Research Paper Volume 13, Issue 13 pp 16974—16989
The risk of Alzheimer’s disease according to dynamic changes in metabolic health and obesity: a nationwide population-based cohort study
- 1 Department of Internal Medicine, Hallym University Sacred Heart Hospital, Hallym University College of Medicine, Anyang, Republic of Korea
- 2 Department of Internal Medicine, Asan Medical Center, University of Ulsan College of Medicine, Seoul, Republic of Korea
- 3 Department of Clinical Epidemiology and Biostatistics, Asan Medical Center, University of Ulsan College of Medicine, Seoul, Republic of Korea
Received: October 6, 2020 Accepted: June 18, 2021 Published: July 8, 2021https://doi.org/10.18632/aging.203255
How to Cite
Copyright: © 2021 Cho et al. This is an open access article distributed under the terms of the Creative Commons Attribution License (CC BY 3.0), which permits unrestricted use, distribution, and reproduction in any medium, provided the original author and source are credited.
We evaluated the association of metabolic health and obesity phenotypes with the risk of Alzheimer’s disease (AD).
This study enrolled 136,847 elderly participants aged 60 or above from the Korean National Health Insurance System. At baseline examinations in 2009 and 2010, subjects were categorized into four groups: the metabolically healthy non-obese (MHNO), metabolically healthy obese (MHO), metabolically unhealthy non-obese (MUNO), and metabolically unhealthy obese (MUO) groups. Based on the phenotypic transition after 2 years, the subjects were further categorized into 16 subgroups. They were followed from 2009 to 2015 to monitor for AD development.
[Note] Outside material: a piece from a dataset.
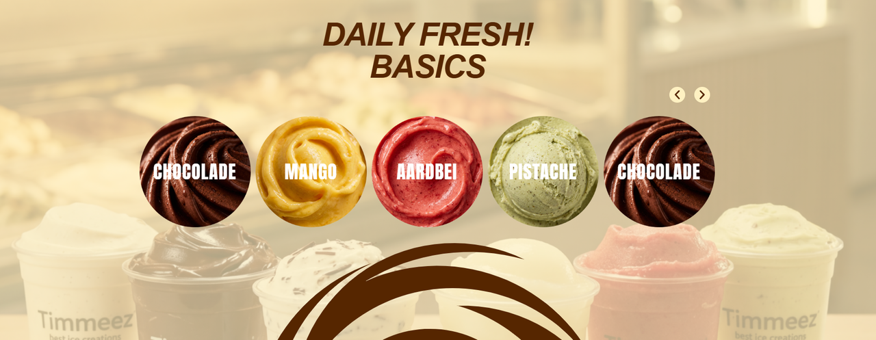 Dagelijks worden er bij timmeez minimaal 16 soorten ijs vers bereidt. Uiteraard gebruiken we enkel de allerbeste grondstoffen zoals 100% Italiaanse pistache en hazelnoot en de beste pure chocolade.

The MHO phenotype protected subjects from AD, relative to the MHNO phenotype (HR, 0.73; 95% CI, 0.65–0.81). Among subjects initially classified as MHO, 41.8% remained MHO, with a significantly lower risk of AD compared with the stable MHNO group (HR, 0.62; 95% CI, 0.50–0.77). Among MUO subjects at baseline, those who changed phenotype to MUNO were at higher risk of AD (HR, 1.47; 95% CI, 1.28–1.70), and the transition to the MHO phenotype protected subjects from AD (HR, 0.62; 95% CI, 0.50–0.78).
The MHO phenotype conferred a decreased risk of AD. Maintenance or recovery of metabolic health might mitigate AD risk among obese individuals.
AD: Alzheimer’s disease; BMI: body mass index; BP: blood pressure; FPG: fasting plasma glucose; HDL-C: high-density lipoprotein cholesterol; MHNO: metabolically healthy non-obese; MHO: metabolically healthy obese; MUNO: metabolically unhealthy non-obese; MUO: metabolically unhealthy obese; NHIS-HEALS: National Health Insurance Service-National Health Screening Cohort; TG: triglyceride.